Wózek z dzieckiem przewrócił się. Kierowca nie zareagował, MPK wyjaśnia
Nasza Czytelniczka Martyna od jakiegoś czasu korzysta z komunikacji miejskiej. Jadąc autobusem linii nr 6, kobieta musiała zmierzyć się z przykrym incydentem. Kierowca nie zachował należytej ostrożności w wyniku czego doszło do przewrócenia się wózka z 6-miesięcznym dzieckiem w środku.
- Kierowca autobusu linii nr 6 o godz. 19.54 27 kwietnia odjechał z ulicy Zamenhofa. Niestety poruszał się brawurowo i szybko doprowadzając do przewrócenia się wózka z moim synkiem - opowiada pasażerka.
Okazuje się, że kierowca nie zareagował na ten przykry incydent, i nie wykazał nawet odrobiny chęci pomocy ani zainteresowania. Zapytał tylko czy nic się nie stało.

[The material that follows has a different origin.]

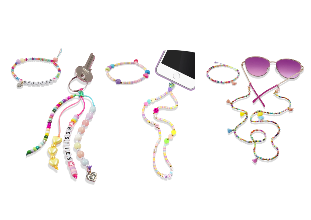 Takket være bogstavperler og dekorative vedhæng kan du lave accessories med navne, initialer eller beskeder – helt efter din smag.

- Kierujący nie zatrzymał się, abym mogła bezpiecznie podnieść wózek z dzieckiem, tylko jechał dalej. Pomógł mi inny pasażer. Byłam przerażona całą tą sytuacją, bo do tragedii było dosłownie o krok - mówi kobieta.
Bohaterka tej nieszczęśliwej sytuacji oraz jej dziecko, na szczęście nie odnieśli dużej szkody.
O komentarz poprosiliśmy jednak MPK Świdnica.
- Wpłynęła do nas skarga męża pasażerki. Informujemy, że w sprawie tej przeprowadzono dogłębne postępowanie wyjaśniające. Przeprowadzono rozmowę dyscyplinującą z kierowcą gdzie upomniano i pouczono go o dostosowaniu prędkości do ukształtowania terenu i warunków panujących na drodze. Kierowca w swoim pisemnym wyjaśnieniu podkreślił, że jest mu z tego powodu bardzo przykro i rozumie niepokój rodziców. W miejscu zdarzenia poruszała się z prędkością 13 km/h a na wyjeździe 19 km/h. Jednocześnie przepraszamy za przykrość jaka państwa spotkała i żywimy nadzieję, że więcej do takich zdarzeń nie będzie dochodzić - mówi Tomasz Kurzawa, prezes zarządu MPK.